According to another embodiment, when the first RRC connection with the AP is disconnected, the AP transmits the UE context information to the second AP. For example, when the first RRC connection with the AP is disconnected, i.e. the connection with the anchoring device is disconnected, similarly, as the interactions between the second AP and the first AP described in reference to FIG. 3-5, the second AP will serve as a new anchoring device, which enables establishment of other RRC connections to the CN node with other APs via the second AP.

In the embodiments above, the UE context information is obtained from an AP serving as an anchoring device during the multi-connectivity establishment, instead of from the CN side or from the UE side, which will not a big burden for CN node and guarantees the safety of multi-connectivity at the same time.

According to yet another aspect of the present invention, a multi-connectivity communication system is provided, and illustrative block diagram of a communication system according to an embodiment of the invention will be described in reference to FIG. 8.

As shown in FIG. 8, the communication system comprises: a UE 810, a first AP 820, and a second AP 830. The UE 810 maybe, for example, any kind of wireless device such as a mobile phone, a cellular phone, a Personal Digital Assistant (PDA), a smart phone, a tablet, a laptop computer, a handheld device having wireless connection capability, or other devices connected to a CN, etc. The first and second APs 820, 830 may be, for example, an AN node, such as an eNB.

In the communication system as shown in FIG. 8, the UE 810 sets up a first RRC connection with a CN node (for example, CMGW) via a first AP 820. For example, a method as shown in FIG. 2 for establishing an RRC connection may be employed, so that the UE 810 sets up the first RRC connection with the CN node. The first AP 820 transmits to the UE 810 a notification that RAN anchoring function is supported by the first AP 820. For example, the notification from the first AP 820 to the UE 810 may be transmitted via system information or dedicated RRC signaling procedure.

The second AP 830, when receiving a second connection request message transmitted from the UE 810 requesting for using the second AP 830 to set up a second RRC connection, transmits an anchoring request message to the first AP 820, wherein, the second connection setup message including identifying information of the first AP 820. For another example, the identifying information of the first AP 820 included in the second RRC connection request message may be either the global cell identifier for the first AP 820, or physical layer cell identity associated with a frequency, or a global eNB identity. Further, the second connection request message optionally includes identifying information of the UE 810 used in first AP 820, which may be, for example, C-RNTI, S-TMSI.

In addition, the first AP 820 transmits UE context information to the second AP 830 according to the anchoring request message, and the second AP 830 further sets up the second RRC connection with the UE 810 according to the UE context information.
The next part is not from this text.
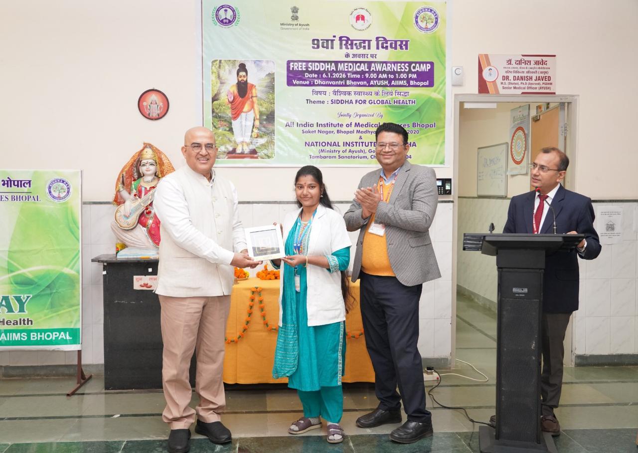 भोपाल। अखिल भारतीय आयुर्विज्ञान संस्थान (एम्स) भोपाल का आयुष विभाग पारंपरिक चिकित्सा पद्धतियों को आम नागरिकों के लिए सरल, सुलभ और प्रभावी बनाने की दिशा में निरंतर कार्य कर रहा है। इसी क्रम में 6 जनवरी 2026 को एम्स भोपाल में “वैश्विक स्वास्थ्य के लिए सिद्ध” थीम के साथ 9वां सिद्ध दिवस हर्षोल्लास के साथ मनाया गया। यह दिवस सिद्ध चिकित्सा के जनक सिद्धर अगस्त्यर की जयंती के उपलक्ष्य में प्रतिवर्ष आयोजित किया जाता है।

At this point, the procedure of establishment of connections between UE 810 and two APs 820, 830 has accomplished, but it should be noted that, the multi-connectivity communication system in the present invention is not limited to the connections between one UE and two AN nodes. For example, according to the embodiments of the present invention, depending on implementations in practical, multi-connections to a CN node may be established between UE(s) 810 and three or more APs via an AP serving as an anchoring device (for example, AP1820 as described in FIG. 8).

According to an embodiment of the invention, after the two RRC connections with two APs (for example, AP1 and AP2 as shown in FIG. 8) have been established, the first AP 820 will serve as anchoring device for multi-connectivity. That is to say, from UE perspective, data to be transmitted to a CN node (for example, CMGW as shown in FIG. 8) through the first AP 820 will be transmitted directly from the first AP 820, and data to be transmitted to a CN node through the second AP 830 will be firstly transmitted from the second AP 830 to the first AP 820, for example, via a X2 interface, and then transmitted to a CN node via the first AP 820, for example, via a S1 interface, thereby realizing multi-connectivity.

According to the embodiment of the invention, after the RRC connection with an AP serving as an anchoring device is established, when the UE receives a notification that anchoring function is supported by the AP and the UE determines to establish RRC connections with other APs, the UE is able to establish multi-connections with other APs via the AP (for example, AP1 as described in FIG. 8) serving as an anchoring device, without performing S204-S210 as described in reference to FIG. 2, which could reduce the impact to CN for multi-connectivity.

In addition, after the RRC connections between the UE and the two APs are established as described in reference to FIG. 8, there is possibility that the RRC connections are disconnected. A case where the second RRC connection with the second AP 830 is disconnected and a case where the first RRC connection with the first AP 820 is disconnected are similar as those described in the multi-connectivity establishment method for a communication system, and the descriptions will be omitted herein.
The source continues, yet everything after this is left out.